* Assigned task *
Please transcribe the data exactly as shown, skipping the images.

* Supplied data *
[Start of Attachment]
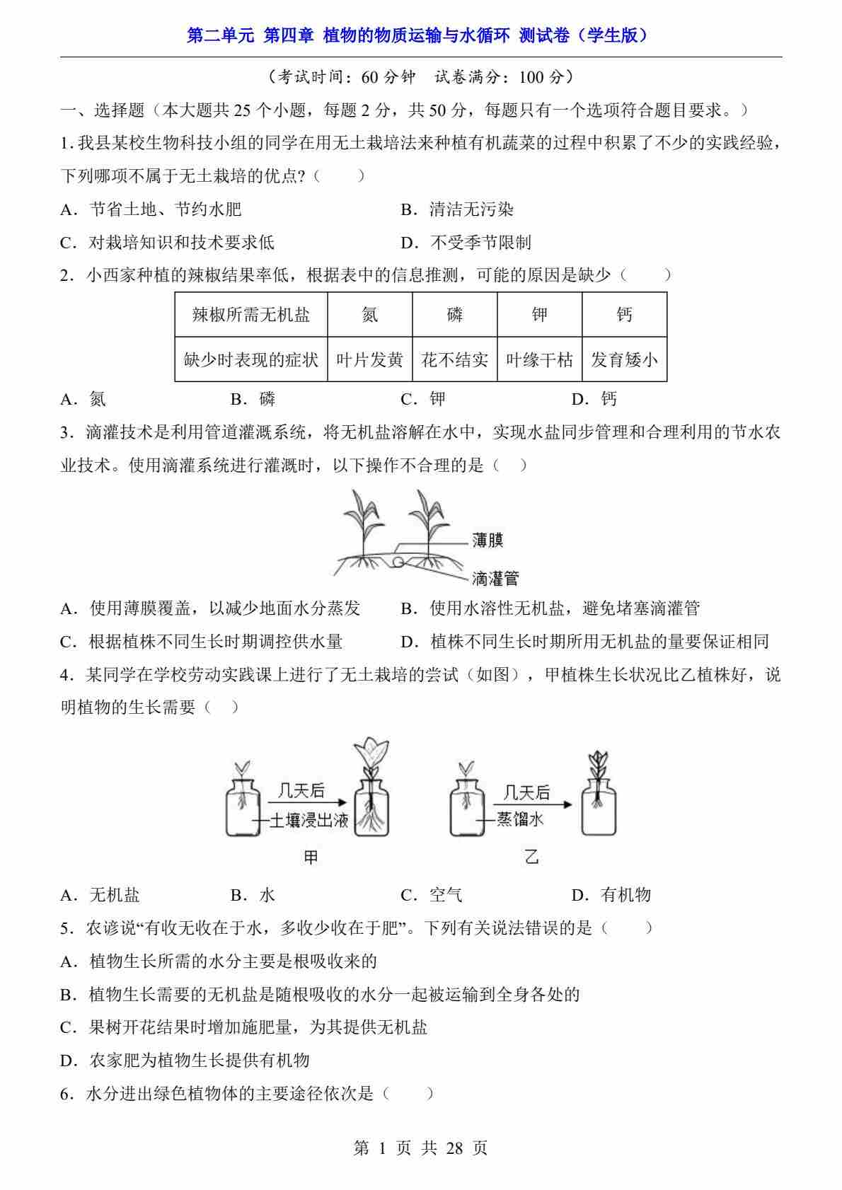 第2单元 第4章 植物的物质运输与水循环(测试卷)
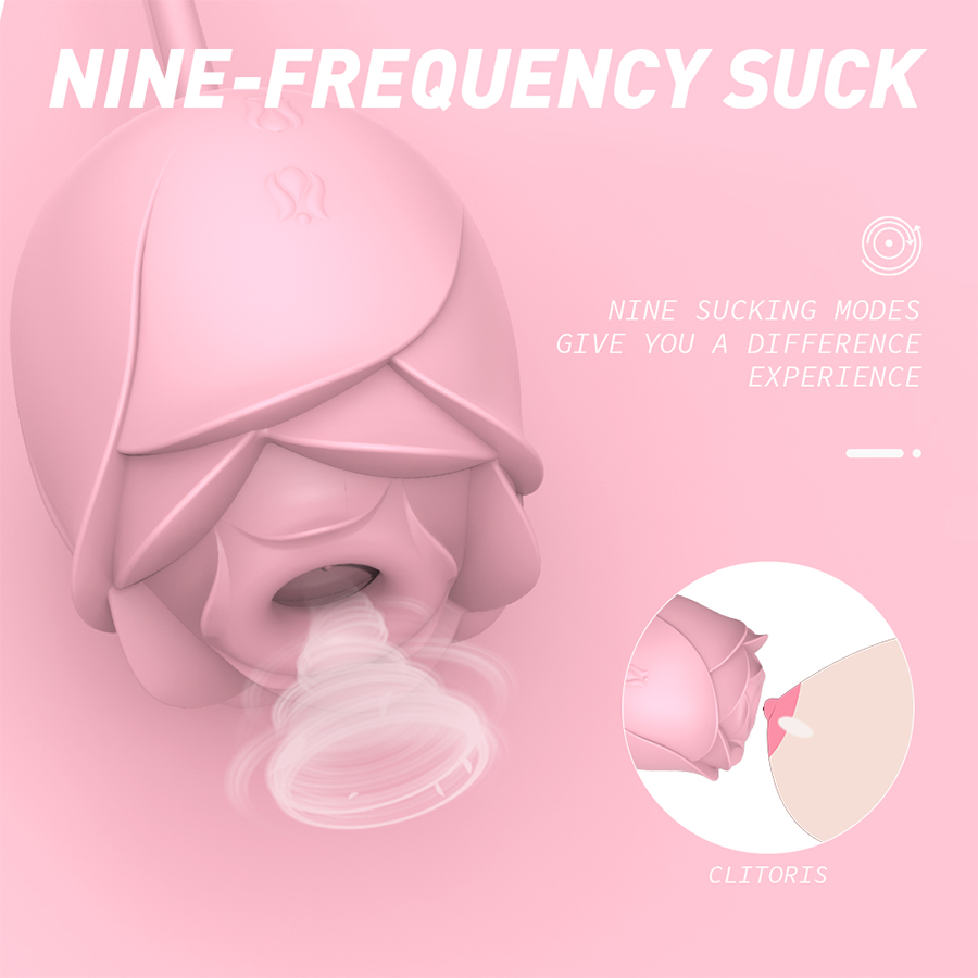 Espectacular juguete para la estimulación clitorial y zonas erógenas. Disfruta al máximo tus encuentros íntimos con este vibrador en forma de rosa, gracias a sus modos de succión y podrás vibrar vivir momentos únicos y placenteros.
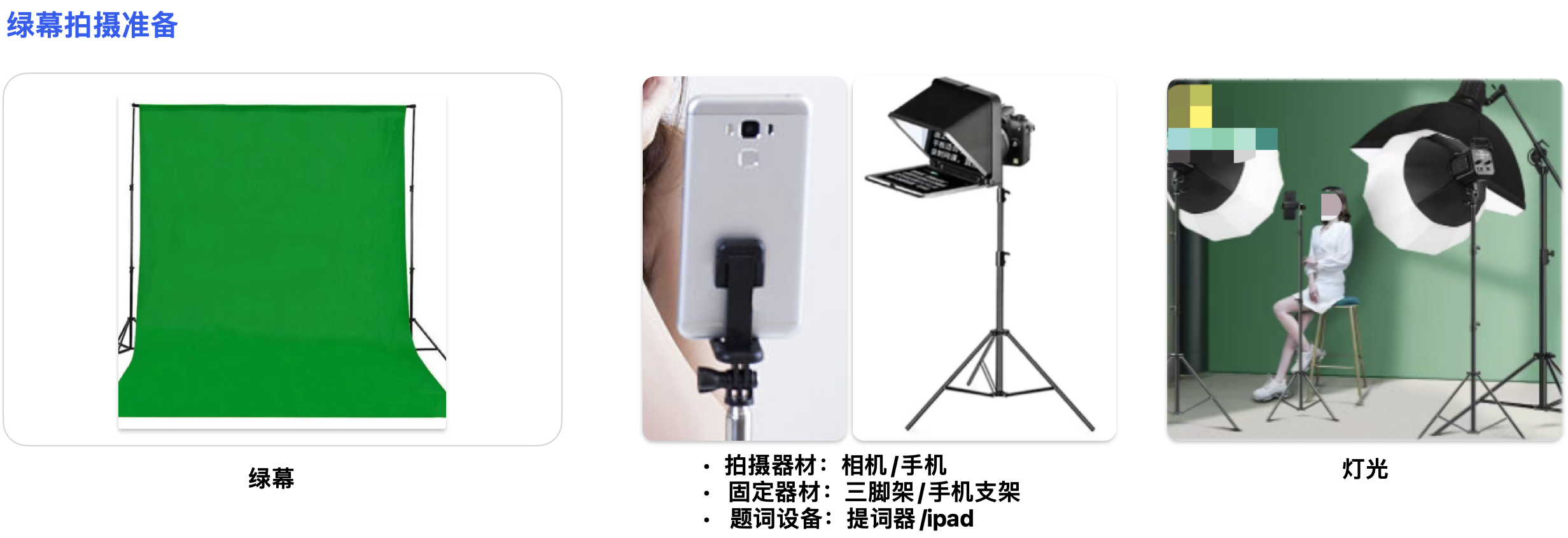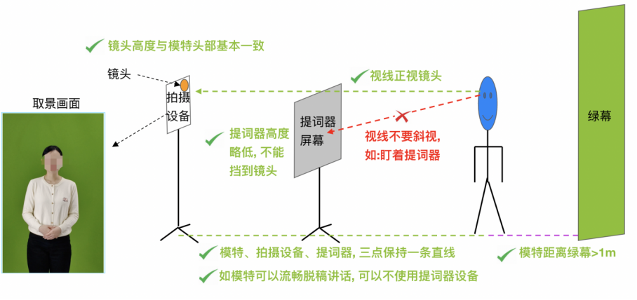 ▸人物距离绿幕1.5m以上,注意人物皮肤和衣服及桌子不要有绿色反光。(如果拍全身,脚下需要有绿幕)。
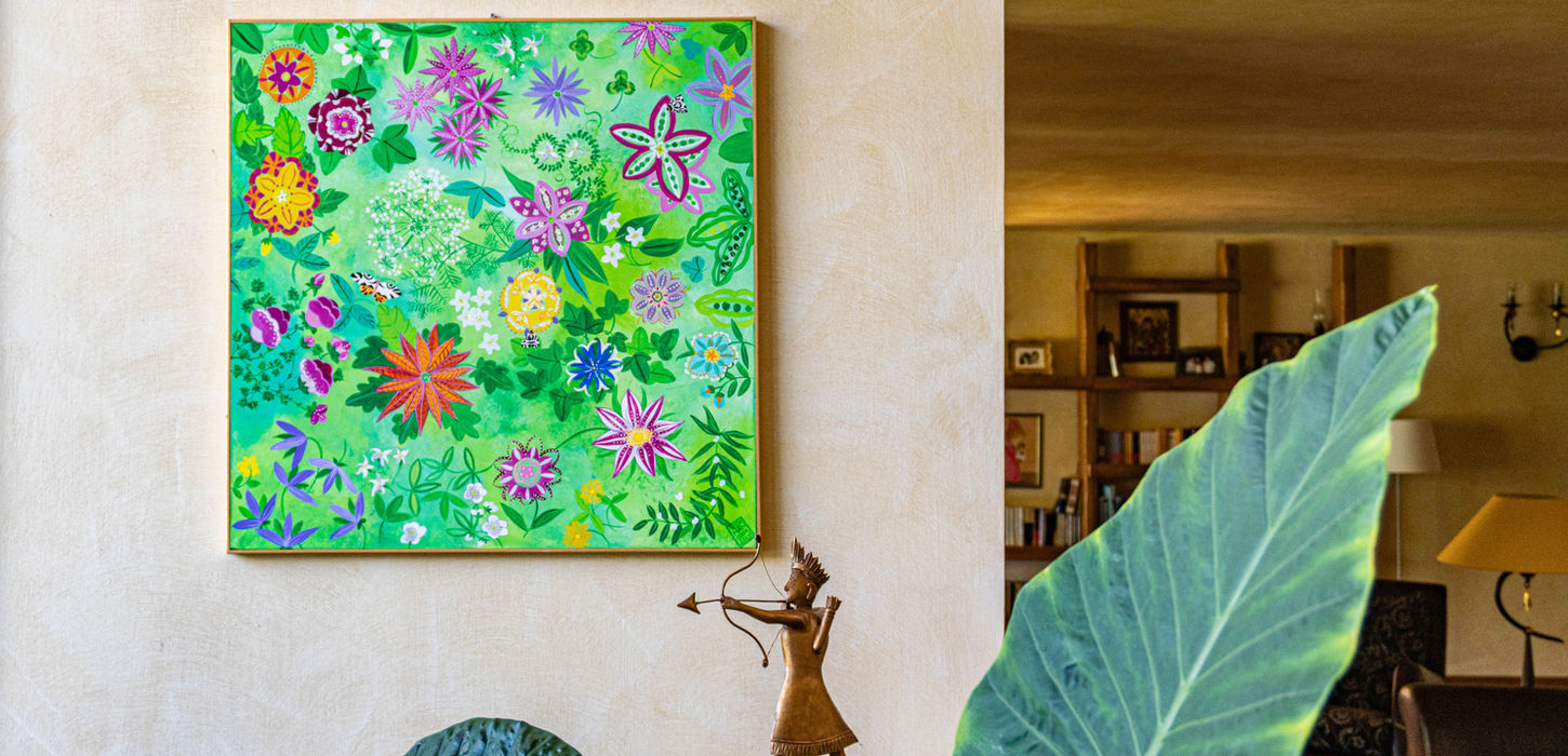 Privită din exterior, casa se dezvăluie ca o machetă în miniatură: mobilierul, cu forme neașteptate și detalii precise, creează puncte de interes vizual, iar culorile intense marchează trasee subtile prin spațiu.
[End of Attachment]
* Answer space *
 第2单元 第4章 植物的物质运输与水循环(测试卷)
 Espectacular juguete para la estimulación clitorial y zonas erógenas. Disfruta al máximo tus encuentros íntimos con este vibrador en forma de rosa, gracias a sus modos de succión y podrás vibrar vivir momentos únicos y placenteros.
 ▸人物距离绿幕1.5m以上,注意人物皮肤和衣服及桌子不要有绿色反光。(如果拍全身,脚下需要有绿幕)。
 Privită din exterior, casa se dezvăluie ca o machetă în miniatură: mobilierul, cu forme neașteptate și detalii precise, creează puncte de interes vizual, iar culorile intense marchează trasee subtile prin spațiu.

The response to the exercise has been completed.